- RAW DATA

______

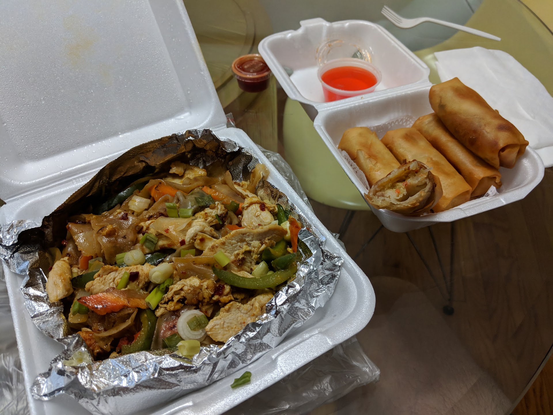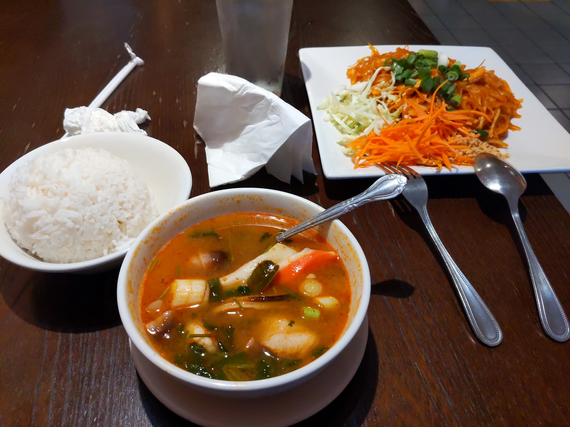The Tom Yum Kai again was just ok. The chicken in it tasted kinda weird. The mushrooms were good, but the broth itself was not as complex as that soup can be at good Thai restaurants.
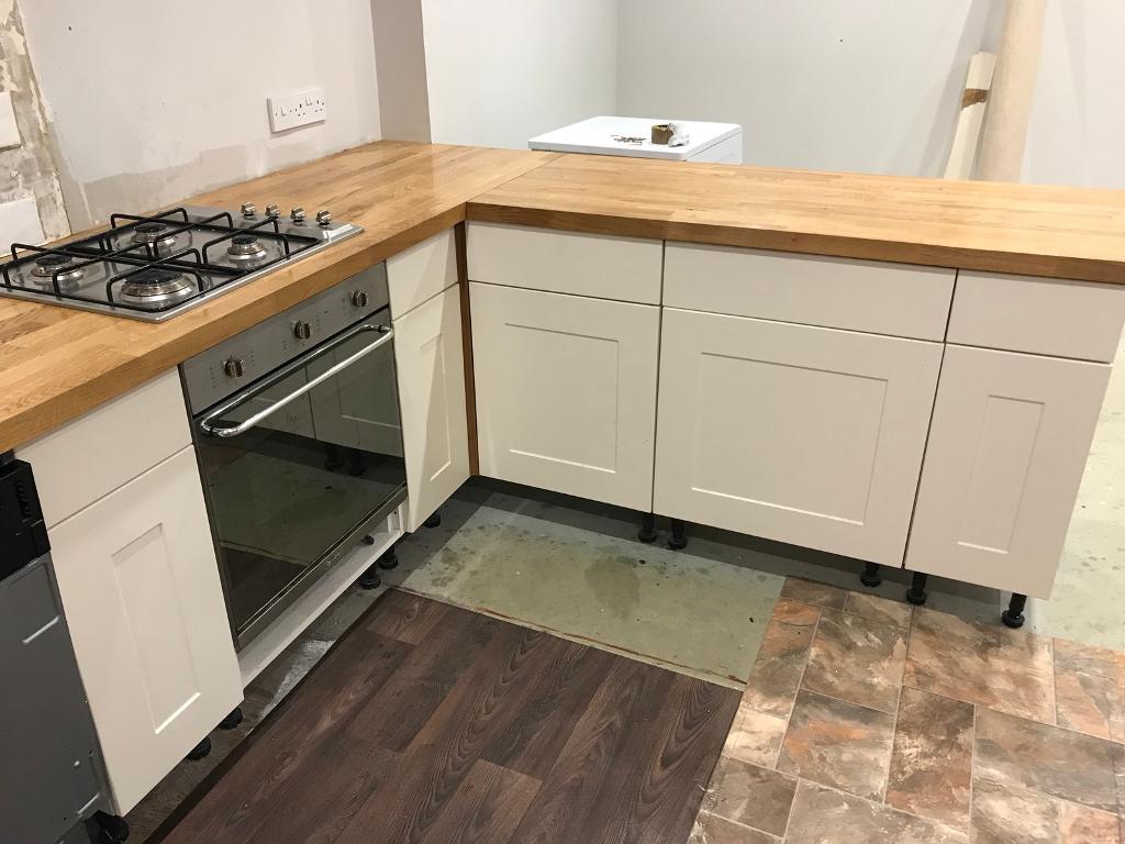 Ex Display Shaker Style Off White Kitchen Solid Wood Worktops
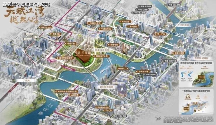 中海·江湾樾,择址海曙鄞奉滨江,依托优越的发展前景及醇熟配套,融合区域性占位的高阶城市资源,承接四大硬核板块优势,展现海曙新城芯的全维价值。

______

What is needed here is an exact transcript of the data above, pictures excluded.

The Tom Yum Kai again was just ok. The chicken in it tasted kinda weird. The mushrooms were good, but the broth itself was not as complex as that soup can be at good Thai restaurants.
 Ex Display Shaker Style Off White Kitchen Solid Wood Worktops
 中海·江湾樾,择址海曙鄞奉滨江,依托优越的发展前景及醇熟配套,融合区域性占位的高阶城市资源,承接四大硬核板块优势,展现海曙新城芯的全维价值。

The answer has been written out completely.